Interview with Teal Swan, the Spiritual Catalyst and new to the London Wellbeing Festival this year. Read how Teal went from trauma to transformation!
Tell me about your childhood and the intuitive abilities you had?
I was a really lonely child, who didn’t fit into the family I was born into. May parents were wilderness forest rangers and so I grew up in a tiny guard station cabin with no indoor plumbing and no electricity. My parents were environmental scientist types and as such, they didn’t understand my ‘spiritual’ nature or the intuitive abilities that I had. I was diagnosed with sensory integration disorder (both sensory over sensitivity and sensory modulation disorder). And it was not until I was 24 that I began talking to people to try to actually decipher what I perceive that is different from how/what other people perceive.
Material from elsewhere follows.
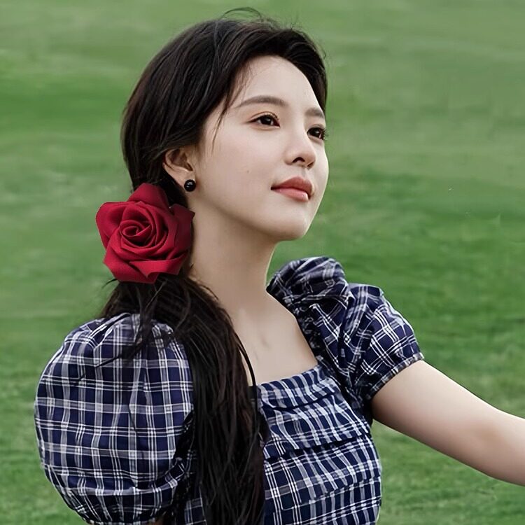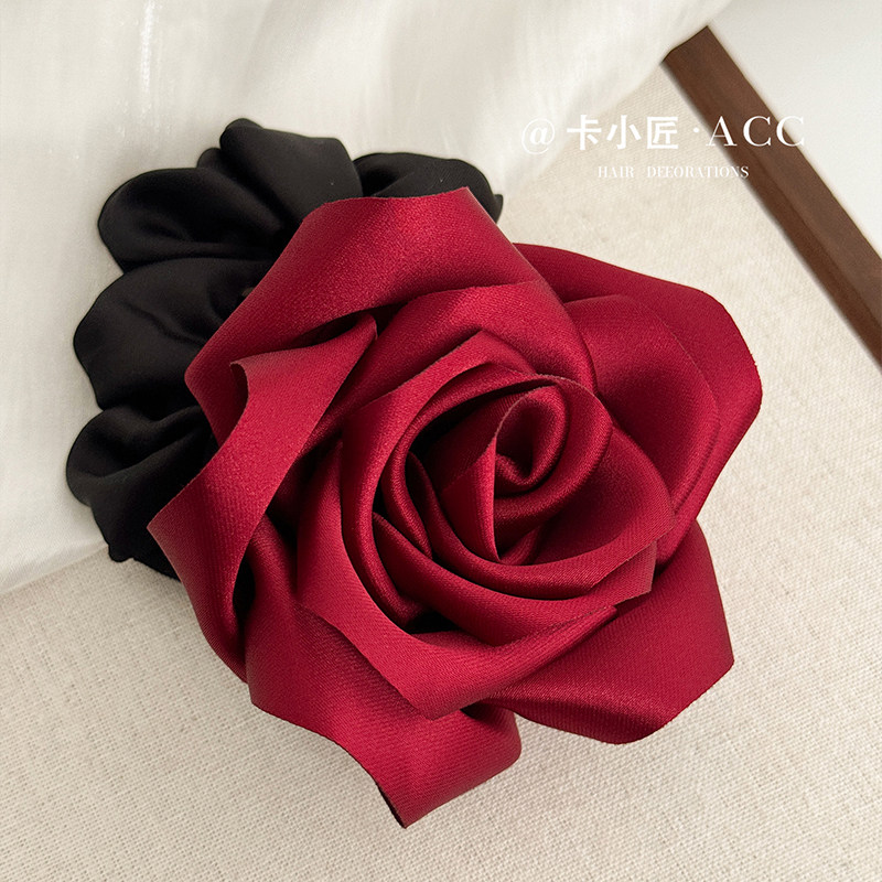 张若楠同款红色玫瑰大肠发圈女法式氛围感花朵发绳扎马尾皮筋发饰

Here is (to my current standing) what I perceive that is unlike how others perceive.
At the age of 6 you were taken away by a family acquaintance and inducted into a cult and were tortured over a 13 year period, this much of been a very horrible experience for a child and teenager to have to go through.
It was so horrible that most people will never be able to relate to it. True torture brings you to a place where you don’t fear being killed, you wish to be killed because it would be merciful. It would be better to be killed than to continue on being tortured like I was.
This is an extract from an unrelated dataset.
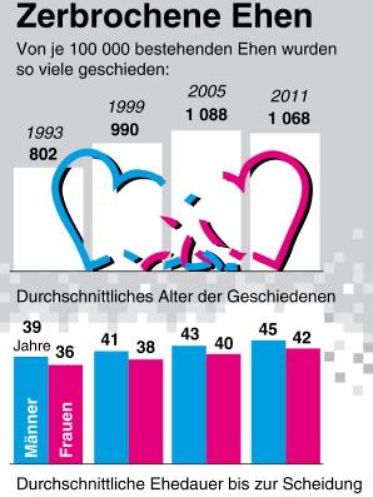 Knapp die Hälfte der Ehepaare, die sich 2011 scheiden ließen, hat Kinder unter 18 Jahren.

When I was in grade school, I had been targeted by a family acquaintance who, unbeknownst to my parents, was a psychopath. Outwardly he presented himself as a respected community leader and health professional, but he had a much darker side. Only a few people knew he participated in cult rituals. He became my childhood mentor and gained unfettered access to me. My parents trusted him and were unaware that my relationship with him was built on torture. They saw most of the red flags but misinterpreted them. My abuser threatened to kill my family if I ever told anyone what he did, and I knew he was fully capable of murder. The ritual abuse lasted for 13 years.
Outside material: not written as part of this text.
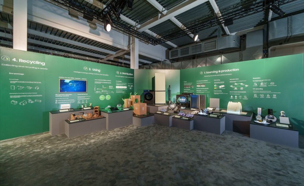 Everyday Sustainability” izložba ističe težnje kompanije Samsung u podržavanju održivosti kroz cjelokupni životni ciklus proizvoda. Od proizvodnje i distribucije do upotrebe i odlaganja, Samsung nastavlja jačati ekološku osviještenost u svakom aspektu svog poslovanja. To uključuje smanjenje upotrebe resursa i emisije ugljika[3] tokom procesa nabavke, osmišljavanja eko pakovanja za distribuciju pa sve do implementacije inovativne tehnologije za uštedu energije tokom faze korištenja, olakšavajući korisnicima recikliranje uređaja nakon što njihov životni ciklus završi.

I spent a lot of time sitting in that hole in the ground. Nicknamed “the mind space,” it was just large enough for a person to sit in. Covering the hole was a nailed-together lattice of weathered wood. In the summers, the bottom of the hole was lined with stinging nettle. This was his idea of a way to “train my mind.” Before I was put into the space, I was usually stripped naked and my wrists and ankles were tied together. I had no idea how long he was going to leave me there. I had no idea whether he would decide to keep me indefinitely, kill me, or return me to my parents later that night.
What was it that kept you going in your darkest moments during this time?
I’d love to say that something “kept me going”. But it isn’t entirely accurate because I tried to commit suicide a few times in my teens. But when you can go out of body when you are being tortured, you have a kind of freedom. You experience the aspect of the universe that transcends physical form. It was this ability to leave my body that kept me alive if anything.
Did you ever during this time get to see the rest of the world outside of this environment and how in the end did you escape?
I was in a very unusual situation where I was not “kidnapped” completely because I still went to school and lived with my parents while all of this was going on. The man who pulled me into the cult set himself up as a mentor in my parent’s eyes and they sent me off with him, not getting what was really going on when I was with him. I progressively got more and more distant from my family. It was all going on right under their noses.
When I was 19, after a particularly extreme night of being tortured, I got in my car and drove away to the home of a man I had only met twice. A man I still live with today. I drove while drugged on ketamine that my abuser had injected me with. The first chapter of my book (shadows before dawn) goes into the details about how this whole thing occurred under my parent’s noses.